The entries must be set down again word for word; no pictures belong in the copy.

'''

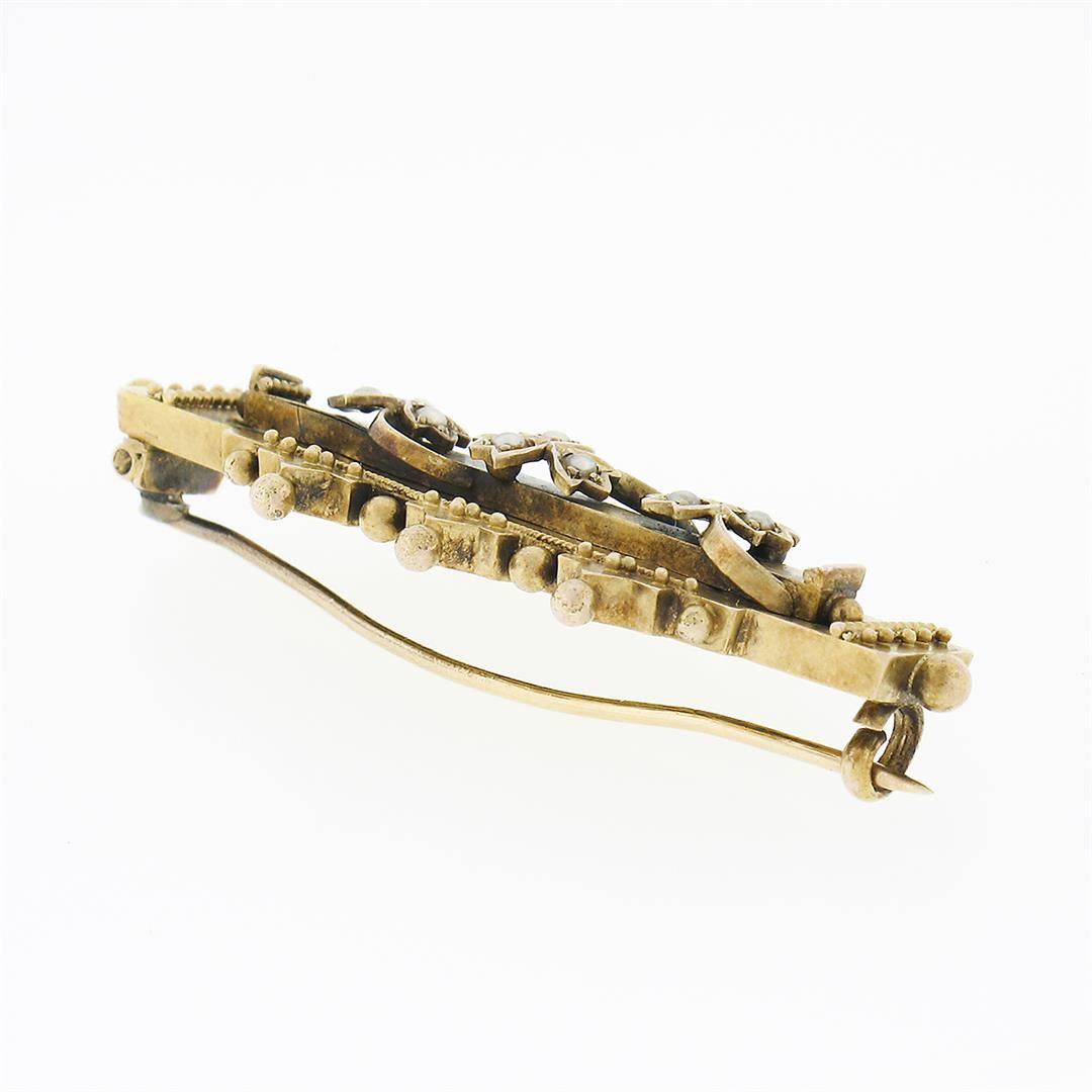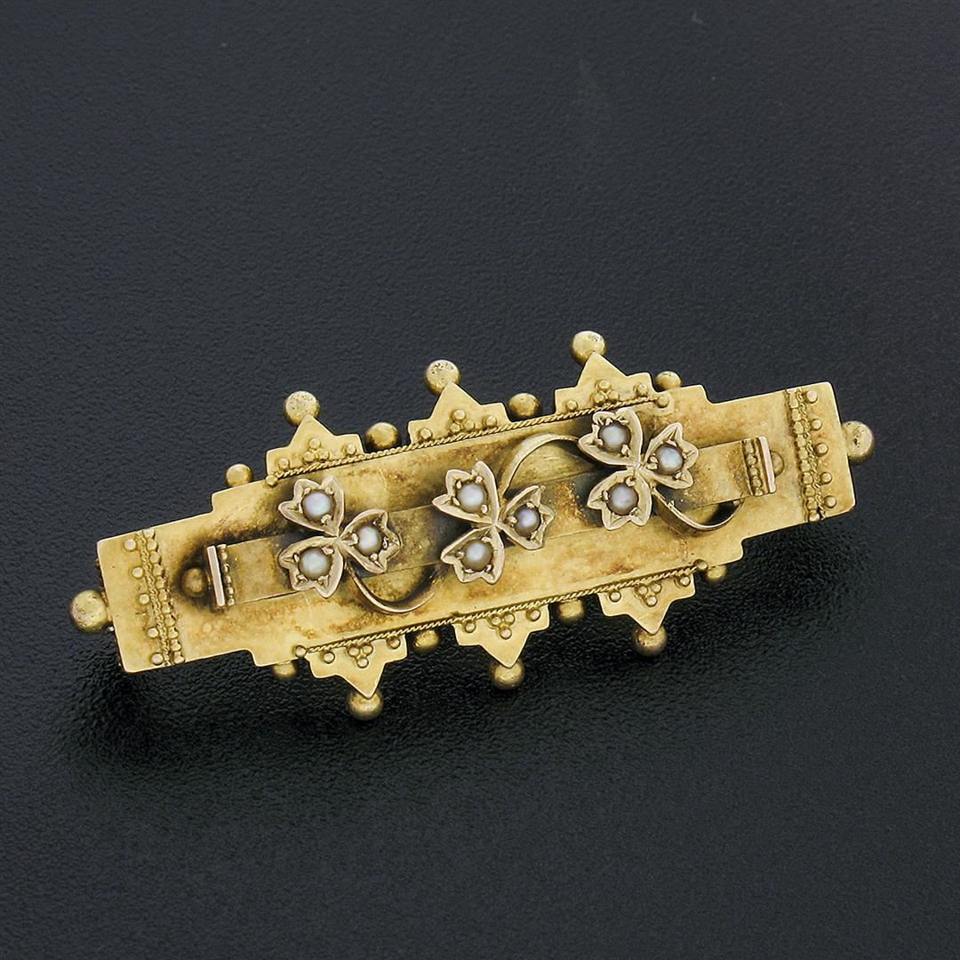 An antique solid 15k yellow gold bar pin brooch by S. Bros, with 9 round shape cultured seed pearls (1.3mm each). Measures 42.70x17.0mm and weighs a total of 3.93 grams.
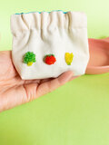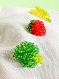 かわいらしい野菜のモチーフがビーズで立体的に表現された、ユニークなアイテムです。
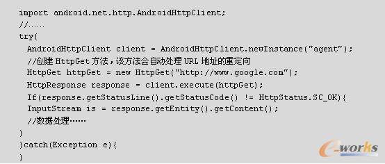 android.net. *包实际上是通过对Apache中HttpClient的封装来实现的一个HTTP编程接口,同时还提供了HTTP请求队列管理以及HTTP连接池管理,以提高并发请求情况下的处理效率。除此之外,还有网络状态监视等接口、网络访问的Socket、常用的URI类以及与WiFi相关的类等。
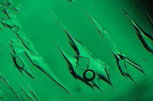 三相包体(气—液—固)、两相包体(气—液)、矿物包体等,裂隙常较发育。
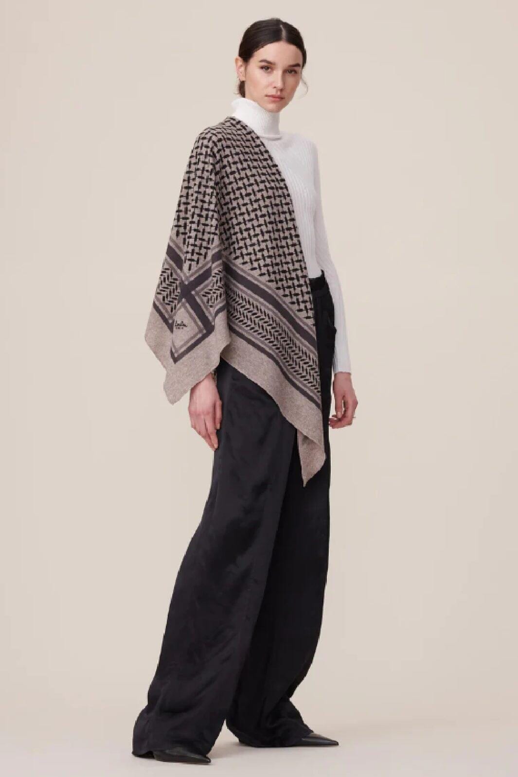 Trójkątny szalik od Lala Berlin w brązowym melanżu. Duży szalik z charakterystycznym wzorem Kufiya na brązowym tle. Szalik wykonany jest z kaszmiru.
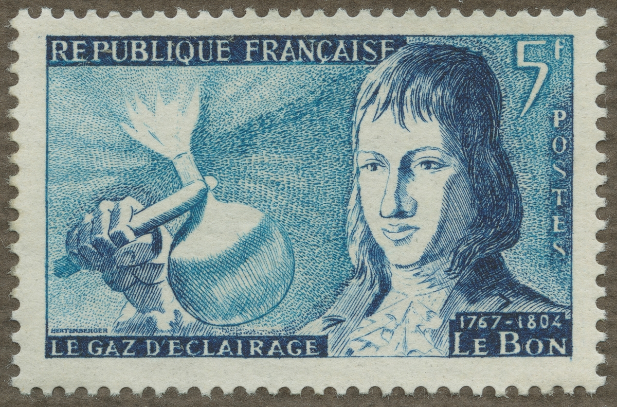 Frimärke från Frankrike, 1955. Motiv av Fransmannen Philippe Le Bon (1767-1804) Lysgas framställdes av Le Bon i en flaska ur ved genom torrdestillation. -"Serie: Uppfinnare-"

'''

- Answer for this exercise
 An antique solid 15k yellow gold bar pin brooch by S. Bros, with 9 round shape cultured seed pearls (1.3mm each). Measures 42.70x17.0mm and weighs a total of 3.93 grams.
 かわいらしい野菜のモチーフがビーズで立体的に表現された、ユニークなアイテムです。
 android.net. *包实际上是通过对Apache中HttpClient的封装来实现的一个HTTP编程接口,同时还提供了HTTP请求队列管理以及HTTP连接池管理,以提高并发请求情况下的处理效率。除此之外,还有网络状态监视等接口、网络访问的Socket、常用的URI类以及与WiFi相关的类等。
 三相包体(气—液—固)、两相包体(气—液)、矿物包体等,裂隙常较发育。
 Trójkątny szalik od Lala Berlin w brązowym melanżu. Duży szalik z charakterystycznym wzorem Kufiya na brązowym tle. Szalik wykonany jest z kaszmiru.
 Frimärke från Frankrike, 1955. Motiv av Fransmannen Philippe Le Bon (1767-1804) Lysgas framställdes av Le Bon i en flaska ur ved genom torrdestillation. -"Serie: Uppfinnare-"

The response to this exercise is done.